Manually recursing the list is straight-forward but it doesn’t really compose. Imagine we would like to implement other functional operations like filter, reduce, take and so on for lists. Then we introduce sets, dictionaries, and queues into the language and we would like to provide the same operations for all of them.

Instead of manually implementing all of those operations for each data structure, it is better to provide an abstraction that allows us to define those operations only once, and they will work with different data structures.

That’s our next step.

Introducing Iterators

The idea behind iterators is that we ask the data structure what is the next item until the data structure no longer has items to emit.
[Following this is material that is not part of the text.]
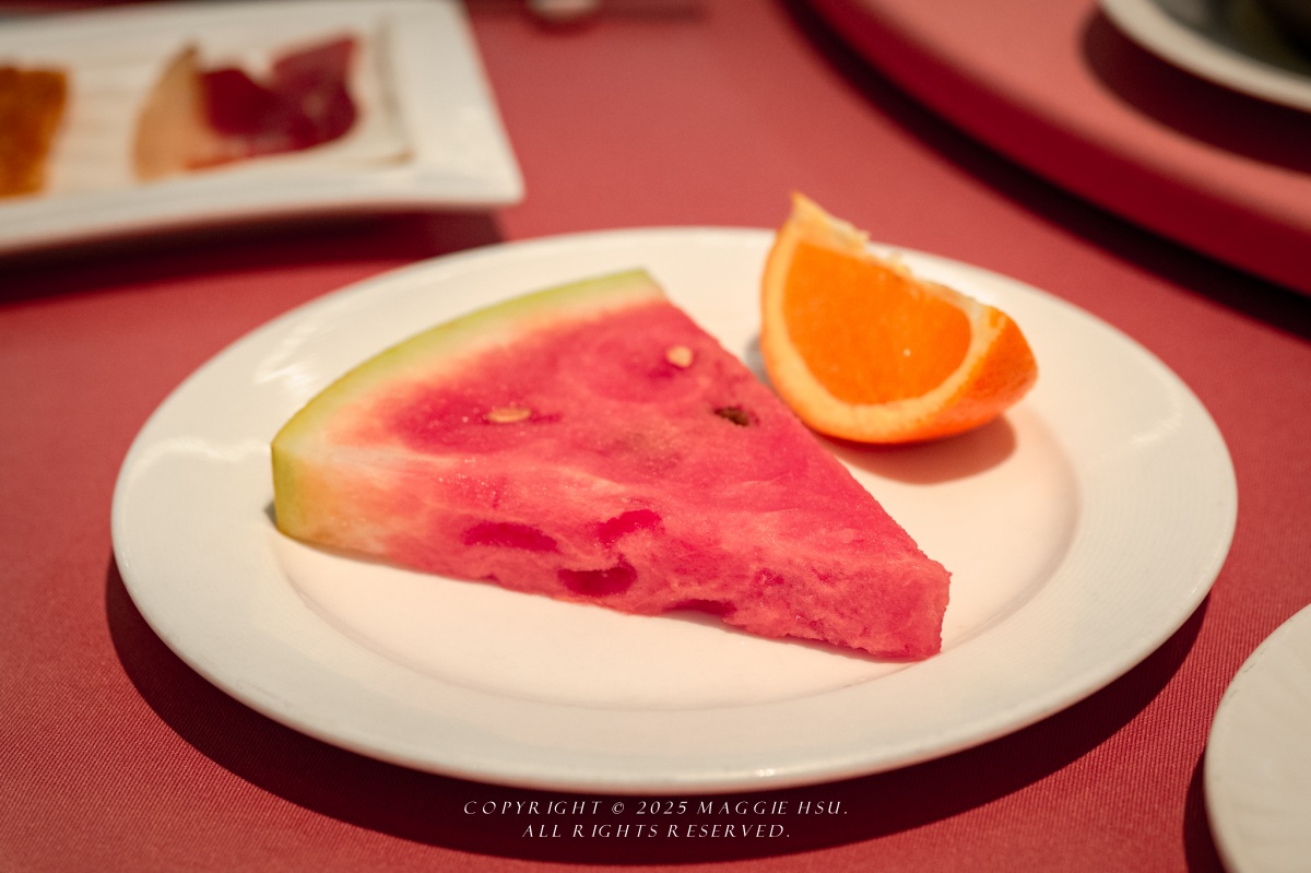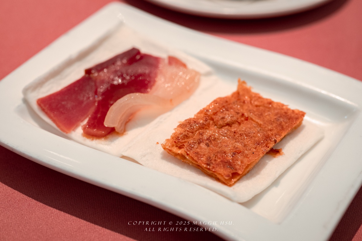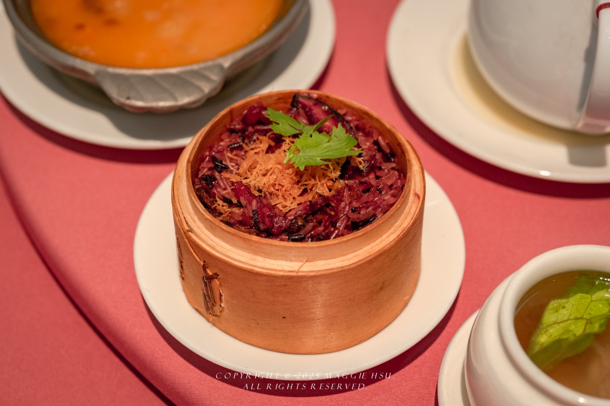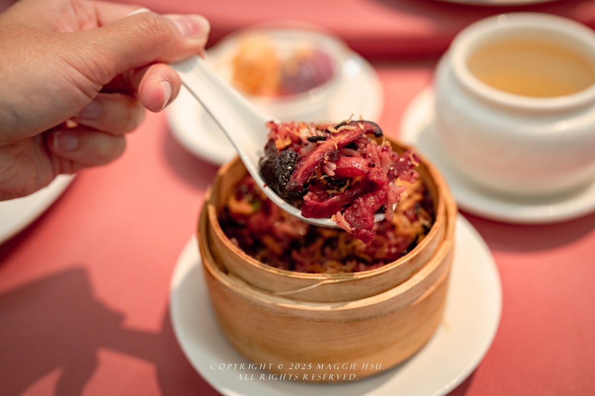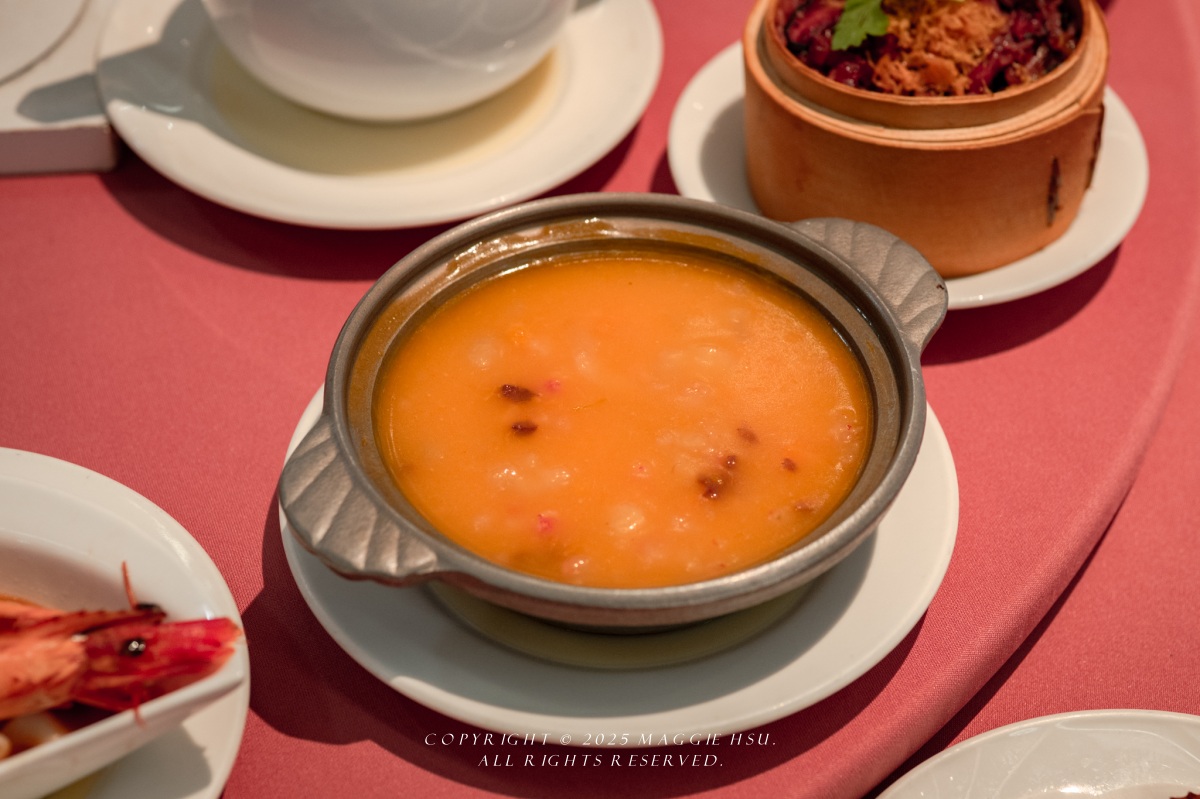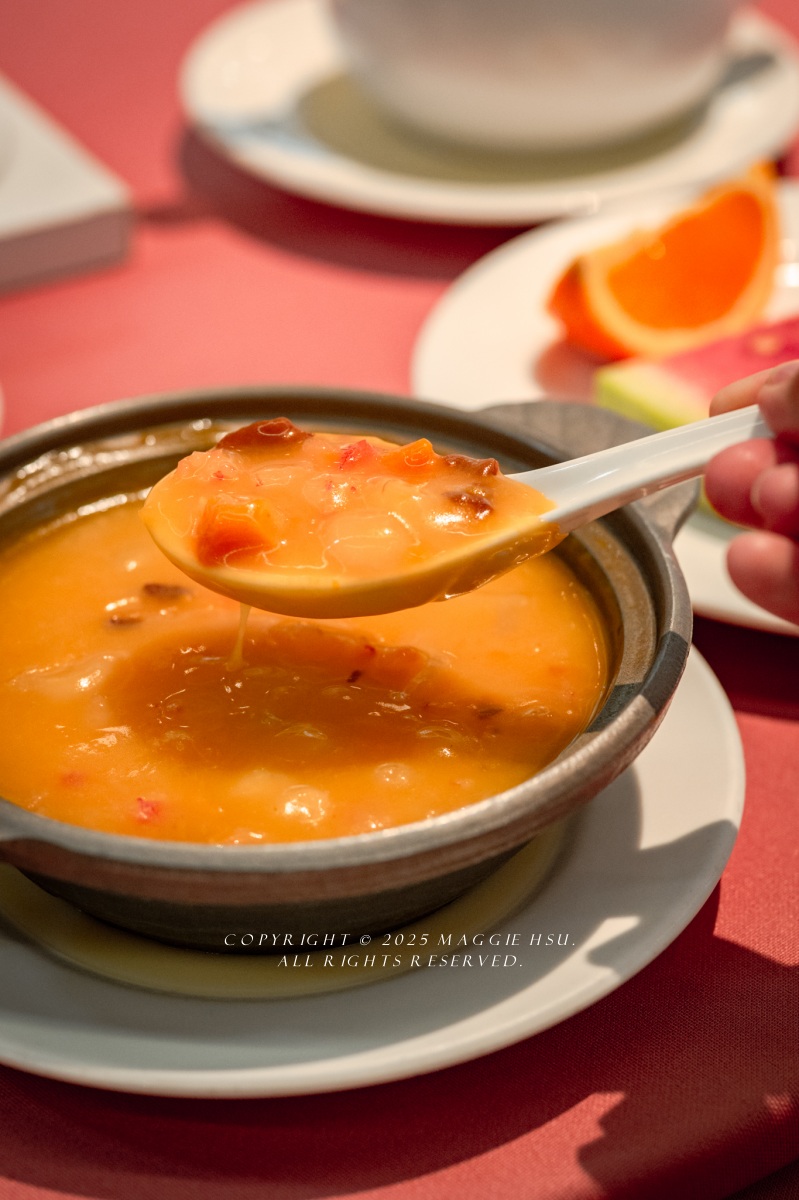 一般婚宴上常見的米糕,多半是傳統未調味的版本,但這道加入了紅麴元素,第一口就讓人驚喜。紅麴的香氣淡雅溫潤,讓整體風味更有層次,上頭的干貝酥金黃酥香,咬下去帶點脆感,與軟糯的米糕形成完美對比。整體味道濃郁卻不厚重,越吃越順口,我可以輕鬆吃上好幾碗啊!

Let’s implement iterators for lists. This time, we will be using Elixir documentation and doctests to detail how we expect iterators to work:

defmodule Iterator do
  @doc """
  Each step needs to return a tuple containing
  the next element and a payload that will be
  invoked the next time around.

      iex> next([1, 2, 3])
      {1, [2, 3]}
      iex> next([2, 3])
      {2, [3]}
      iex> next([3])
      {3, []}
      iex> next([])
      :done
  """
  def next([h|t]) do
    {h, t}
  end

  def next([]) do
    :done
  end
end

We can implement map on top of next:

def map(collection, fun) do
  map_next(next(collection), fun)
end

defp map_next({h, t}, fun) do
  [fun.(h)|map_next(next(t), fun)]
end

defp map_next(:done, _fun) do
  []
end

Since map uses the next function, as long as we implement next for a new data structure, map (and all future functions) should work out of the box. This brings the polymorphism we desired but it has some downsides.

Besides not having ideal performance, it is quite hard to make iterators work with resources (events, I/O, etc), leading to messy and error-prone code.

The trouble with resources is that, if something goes wrong, we need to tell the resource that it should be closed. After all, we don’t want to leave file descriptors or database connections open. This means we need to extend our next contract to introduce at least one other function called halt.

halt should be called if the iteration is interrupted suddenly, either because we are no longer interested in the next items (for example, if someone calls take(collection, 5) to retrieve only the first five items) or because an error happened. Let’s start with take:

def take(collection, n) do
  take_next(next(collection), n)
end

# Invoked on every step
defp take_next({h, t}, n) when n > 0 do
  [h|take_next(next(t), n - 1)]
end

# If we reach this, the collection finished
defp take_next(:done, _n) do
  []
end

# If we reach this, we took all we cared about before finishing
defp take_next(value, 0) do
  halt(value) # Invoke halt as a "side-effect" for resources
  []
end

Implementing take is somewhat straight-forward. However we also need to modify map since every step in the user supplied function can fail. Therefore we need to make sure we call halt on every possible step in case of failures:

def map(collection, fun) do
  map_next(next(collection), fun)
end

defp map_next({h, t}, fun) do
  [try do
     fun.(h)
   rescue
     e ->
       # Invoke halt as a "side-effect" for resources
       # in case of failures and then re-raise
       halt(t)
       raise(e)
   end|map_next(next(t), fun)]
end

defp map_next(:done, _fun) do
  []
end

This is not elegant nor performant. Furthermore, it is very error prone. If we forget to call halt at some particular point, we can end-up with a dangling resource that may never be closed.

Introducing reducers

Not long ago, Clojure introduced the concept of reducers.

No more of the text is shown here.